Justice and Fairness

Many public policy arguments focus on fairness. Is affirmative action fair? Are
congressional districts drawn to be fair? Is our tax policy fair? Is our method for funding
schools fair?

Arguments about justice or fairness have a long tradition in Western civilization. In fact,
no idea in Western civilization has been more consistently linked to ethics and morality
than the idea of justice. From the Republic, written by the ancient Greek philosopher
Plato, to A Theory of Justice, written by the late Harvard philosopher John Rawls, every
major work on ethics has held that justice is part of the central core of morality.

Justice means giving each person what he or she deserves or, in more traditional terms,
giving each person his or her due. Justice and fairness are closely related terms that
are often today used interchangeably. There have, however, also been more distinct
understandings of the two terms. While justice usually has been used with reference to
a standard of rightness, fairness often has been used with regard to an ability to judge
without reference to one's feelings or interests; fairness has also been used to refer to
the ability to make judgments that are not overly general but that are concrete and
specific to a particular case. In any case, a notion of being treated as one deserves is
crucial to both justice and fairness.

When people differ over what they believe should be given, or when decisions have to
be made about how benefits and burdens should be distributed among a group of
people, questions of justice or fairness inevitably arise. In fact, most ethicists today hold
the view that there would be no point of talking about justice or fairness if it were not for
the conflicts of interest that are created when goods and services are scarce and people
differ over who should get what. When such conflicts arise in our society, we need
principles of justice that we can all accept as reasonable and fair standards for
determining what people deserve.
But saying that justice is giving each person what he or she deserves does not take us
very far. How do we determine what people deserve? What criteria and what principles
should we use to determine what is due to this or that person?

Principles of Justice

The most fundamental principle of justice—one that has been widely accepted since it
was first defined by Aristotle more than two thousand years ago—is the principle that
"equals should be treated equally and unequal’s unequally." In its contemporary form,
this principle is sometimes expressed as follows: "Individuals should be treated the
same, unless they differ in ways that are relevant to the situation in which they are
involved." For example, if Jack and Jill both do the same work, and there are no
relevant differences between them or the work they are doing, then in justice they
should be paid the same wages. And if Jack is paid more than Jill simply because he is
a man, or because he is white, then we have an injustice—a form of discrimination—
because race and sex are not relevant to normal work situations.
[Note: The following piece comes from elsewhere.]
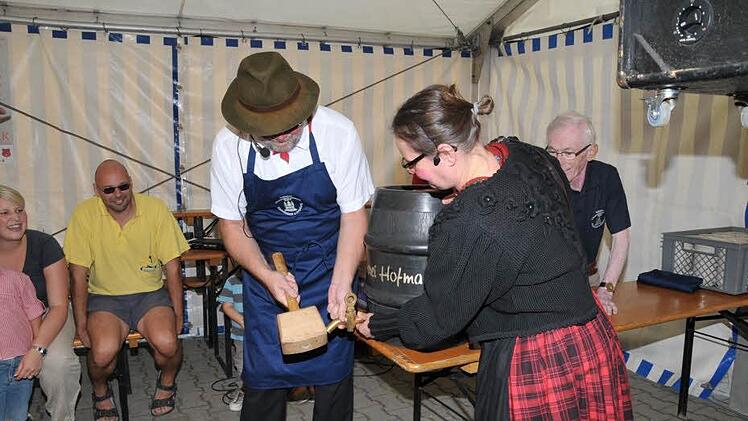 Zwei kräftige Schläge genügten, um bei der Kirchweih in Niederlindach das erste Fass anzustechen. Allerdings erfolgte der Anstich nicht durch Bürgermeister Horst Rehder, der musste kurzfristig zu einer Schulung, sondern durch seinen Adjutanten Schorsch. Das Publikum brauchte allerdings nicht allzu lange, um zu erkennen, dass es sich dabei um den vermeintlich verhinderten Rehder handelte.

There are, however, many differences that we deem as justifiable criteria for treating
people differently. For example, we think it is fair and just when a parent gives his own
children more attention and care in his private affairs than he gives the children of
others; we think it is fair when the person who is first in a line at a theater is given first
choice of theater tickets; we think it is just when the government gives benefits to the
needy that it does not provide to more affluent citizens; we think it is just when some
who have done wrong are given punishments that are not meted out to others who have
done nothing wrong; and we think it is fair when those who exert more efforts or who
make a greater contribution to a project receive more benefits from the project than
others. These criteria—need, desert, contribution, and effort—we acknowledge as
justifying differential treatment, then, are numerous.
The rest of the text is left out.